1. Problem Setup
House elevation under flood risk
After completing this tutorial series, you will be able to:
- Build a time-stepped simulation model for a decision problem under deep uncertainty
- Use exploratory modeling to understand how a policy performs across many plausible futures
- Use multi-objective optimization to find Pareto-optimal trade-offs
- Interpret scenario maps and Pareto fronts to support real-world decision-making
Why This Tutorial?
Many real-world decisions—infrastructure investments, climate adaptation strategies, resource management policies—must be made before key uncertainties are resolved. Standard cost-benefit analysis assumes we know (or can estimate) the probability distribution of future outcomes. But for many problems in climate risk, water management, and infrastructure planning, we face deep uncertainty: we cannot confidently assign probabilities to future states of the world.
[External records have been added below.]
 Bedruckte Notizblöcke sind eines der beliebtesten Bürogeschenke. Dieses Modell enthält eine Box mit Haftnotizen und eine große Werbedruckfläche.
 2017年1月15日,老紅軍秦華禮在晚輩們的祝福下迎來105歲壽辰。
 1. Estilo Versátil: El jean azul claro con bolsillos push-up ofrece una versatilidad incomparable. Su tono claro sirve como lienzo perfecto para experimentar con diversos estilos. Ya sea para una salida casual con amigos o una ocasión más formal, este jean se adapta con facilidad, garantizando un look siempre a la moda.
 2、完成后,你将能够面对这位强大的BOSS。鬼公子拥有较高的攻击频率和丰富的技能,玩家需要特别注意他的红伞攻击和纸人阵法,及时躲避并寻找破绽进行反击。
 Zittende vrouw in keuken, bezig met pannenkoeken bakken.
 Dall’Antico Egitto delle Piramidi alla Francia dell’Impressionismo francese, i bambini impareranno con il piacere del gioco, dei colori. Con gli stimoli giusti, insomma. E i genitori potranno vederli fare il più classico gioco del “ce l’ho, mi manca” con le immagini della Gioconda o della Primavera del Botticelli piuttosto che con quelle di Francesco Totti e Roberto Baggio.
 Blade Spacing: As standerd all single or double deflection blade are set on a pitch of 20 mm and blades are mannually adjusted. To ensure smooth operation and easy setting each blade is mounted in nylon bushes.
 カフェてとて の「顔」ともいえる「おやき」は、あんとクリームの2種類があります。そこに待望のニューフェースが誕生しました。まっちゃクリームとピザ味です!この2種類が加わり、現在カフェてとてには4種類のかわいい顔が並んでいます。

Decision Making under Deep Uncertainty (DMDU) is a family of approaches that takes this challenge seriously. Rather than optimizing for a single “expected” future, DMDU methods stress-test candidate decisions across a wide range of plausible futures to identify strategies that perform well across many of them.
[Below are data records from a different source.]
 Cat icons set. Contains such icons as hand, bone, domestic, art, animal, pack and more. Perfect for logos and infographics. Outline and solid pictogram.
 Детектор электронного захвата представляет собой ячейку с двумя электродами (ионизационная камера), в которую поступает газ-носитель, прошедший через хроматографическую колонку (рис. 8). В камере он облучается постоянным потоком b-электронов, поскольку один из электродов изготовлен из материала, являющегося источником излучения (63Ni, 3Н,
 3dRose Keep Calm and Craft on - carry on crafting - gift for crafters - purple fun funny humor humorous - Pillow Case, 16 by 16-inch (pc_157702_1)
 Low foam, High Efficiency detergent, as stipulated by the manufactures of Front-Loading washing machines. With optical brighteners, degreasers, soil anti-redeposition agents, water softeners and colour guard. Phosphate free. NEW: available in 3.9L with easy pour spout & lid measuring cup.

This tutorial teaches SimOptDecisions.jl through a realistic DMDU workflow, using the example of deciding how high to elevate a house in a flood-prone area (inspired by Zarekarizi, Srikrishnan, and Keller 2020; see also Doss-Gollin and Keller 2023).
The Decision Problem
You own a house in a flood-prone coastal area. Each year, storm surges threaten your property. You must decide: how high should you elevate your house?
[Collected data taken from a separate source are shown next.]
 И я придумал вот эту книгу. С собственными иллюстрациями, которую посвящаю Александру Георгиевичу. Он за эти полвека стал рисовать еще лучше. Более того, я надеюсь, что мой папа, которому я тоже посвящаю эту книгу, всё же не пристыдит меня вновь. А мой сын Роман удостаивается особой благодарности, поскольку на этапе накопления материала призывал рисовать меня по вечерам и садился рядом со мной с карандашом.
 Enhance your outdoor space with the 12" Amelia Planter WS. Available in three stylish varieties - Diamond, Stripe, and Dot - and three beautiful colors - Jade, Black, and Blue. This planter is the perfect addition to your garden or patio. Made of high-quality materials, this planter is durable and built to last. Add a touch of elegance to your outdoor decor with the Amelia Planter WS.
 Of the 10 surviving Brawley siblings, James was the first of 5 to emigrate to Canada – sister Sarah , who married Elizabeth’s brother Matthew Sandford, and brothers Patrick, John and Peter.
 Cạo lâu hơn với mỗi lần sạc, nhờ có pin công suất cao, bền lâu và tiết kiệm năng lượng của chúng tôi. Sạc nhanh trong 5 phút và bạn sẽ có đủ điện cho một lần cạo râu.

Elevating higher costs more upfront, but reduces future flood damages. The challenge is that you face deep uncertainty about:
- Future storm surge intensity — The frequency and severity of future floods depends on climate variability and change, which we cannot precisely predict
- The depth-damage relationship — How much damage a given flood depth causes depends on building characteristics and contents, which are uncertain
- Future economic conditions — The discount rate used to compare present costs against future damages reflects contested value judgments
These aren’t just “noise” around a known distribution. Reasonable experts disagree about the form of the distribution, not just its parameters. This is what makes the problem one of deep uncertainty rather than well-characterized risk.
The Trade-off
- Low elevation: Cheap upfront, but expensive flood damages over time
- High elevation: Expensive construction, but minimal future damages
- “Optimal” elevation: Depends on your assumptions about the uncertain future
Different assumptions about storm intensity, damage functions, and discount rates lead to different “optimal” recommendations. There is no single right answer—only trade-offs to understand.
The DMDU Workflow
This tutorial walks through a complete DMDU analysis:
| Step | Tutorial Section | What You’ll Do |
|---|---|---|
| Build the model | 2. Running a Time Step | Define the physics: depth-damage, construction costs |
| Add time | 3. Types and simulate() | Structure the model with types and run multi-year simulations |
| Aggregate results | 4. Outcomes and Metrics | Summarize outcomes across scenarios; choose metrics |
| Explore | 5. Exploratory Modeling | Map out where policies succeed and fail across the scenario space |
| Optimize | 6. Policy Search | Find Pareto-optimal trade-offs with multi-objective optimization |
Each section builds on the previous, using the same house elevation context throughout.
Next Steps
In the next section, we’ll start building the model from the inside: what happens in a single year when a storm hits?